The motivation for developing this inference technique was to be able to characterize an outbreak with as little data as possible. Since this data contains noise, erroneous characterizations in the early epoch of the observation period are a constant threat. These take the form of support for hypotheses which are significantly different from the true characterization of the outbreak. We show examples of such failures and well as empirical proof that the procedure corrects itself as more data becomes available (7-8 days). While this is a measure of robustness of the procedure, length of the observation period is simply too long to be of any relevance for response planning. However, we conjecture that this particular shortcoming could be largely eliminated if prior distributions for some/all of the variables are available, since all our tests are performed with broad uniform priors. These priors are best obtained from syndromic surveillance data.

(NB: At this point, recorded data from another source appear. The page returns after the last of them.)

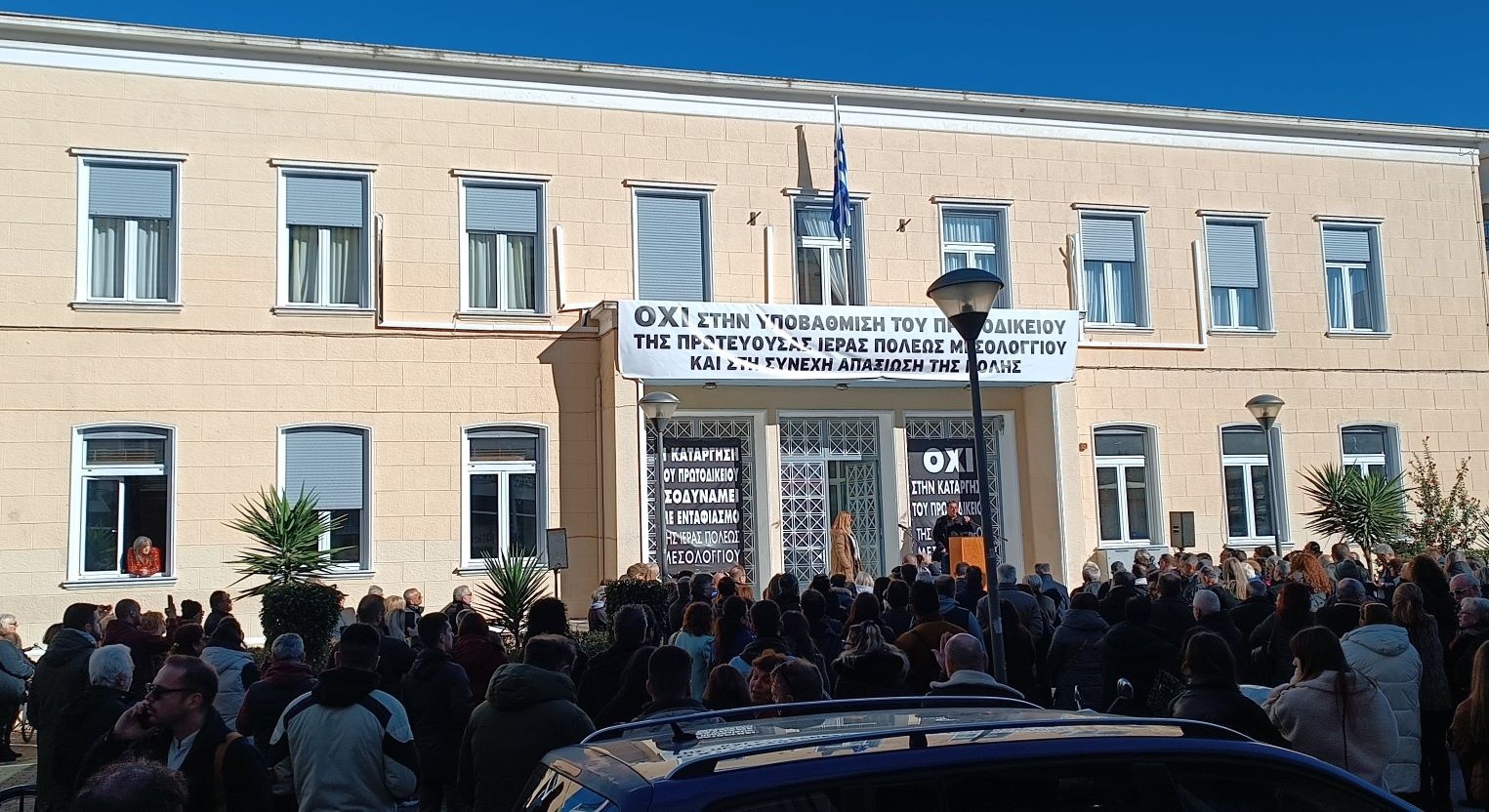 Σύσσωμο το Διοικητικό Συμβούλιο του Εμποροβιομηχανικού Συλλόγου Μεσολογγίου παρέστη στην πανδημοτική κινητοποίηση έξω από το Δικαστικό Μέγαρο το πρωί της Τρίτης, 23 Ιανουαρίου, κατά την οποία ολόκληρη η πόλη διατράνωσε την αποφασιστικότητά της να αγωνιστεί με κάθε μέσο, προκειμένου το Πρωτοδικείο να παραμείνει στην πρωτεύουσα του νομού Αιτωλοακαρνανίας, την Ιερή Πόλη του Μεσολογγίου.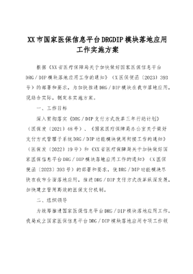 XX市国家医保信息平台DRGDIP模块落地应用工作实施方案.docx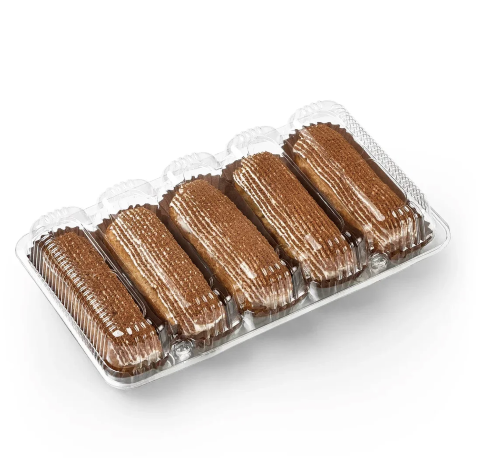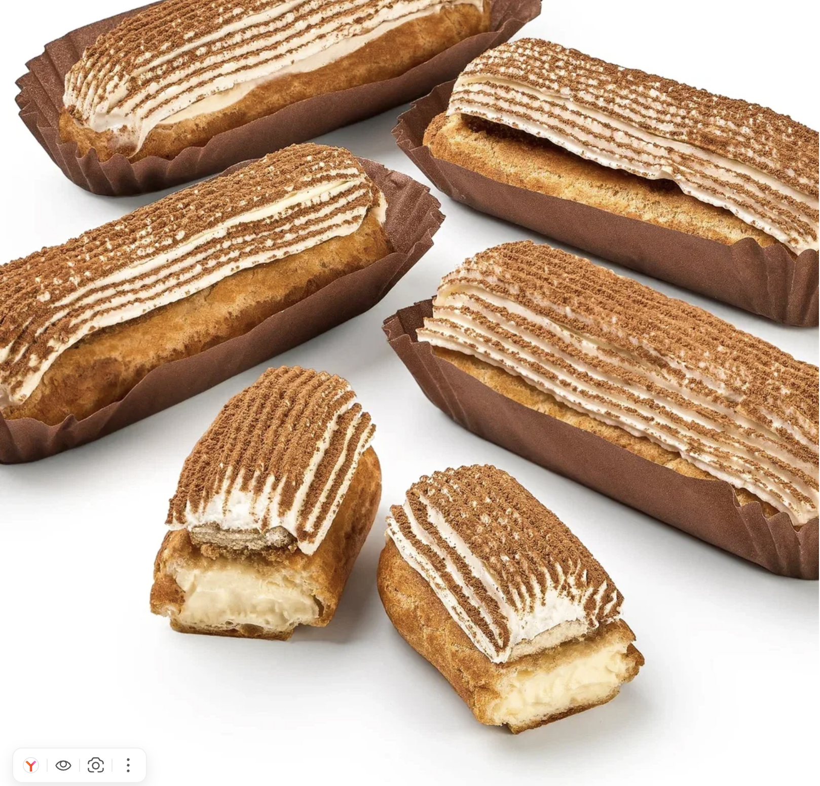 Изысканный кофейный десерт для настоящих ценителей кофе, состоит из нежного заварного теста, нижнего слоя сливочного крема, бисквита, пропитанного кофейным сиропом, верхнего сырного крема, декорирован какао.

We have developed a prototypical approach for estimating the characteristics of an outbreak resulting from inhalational infection. The results discussed above encourage us to believe that such an inference process could profitably complement medical surveillance networks, by using their raw data to draw inferences regarding the size of the outbreak, including infected people still in incubation. It could also serve as a ,fusion, mechanism for syndromic surveillance and medical reporting by exploiting priors drawn from syndromic surveillance to increase the efficiency of the inference process.
 Meselson et al, Science, 266:1202-1208, 1994.
 Ray et al, Sandia National Laboratories Technical Report SAND2006-1491. Unclassified, unlimited release.
 D. Wilkening, PNAS, 103(20):7589-7594, 2006.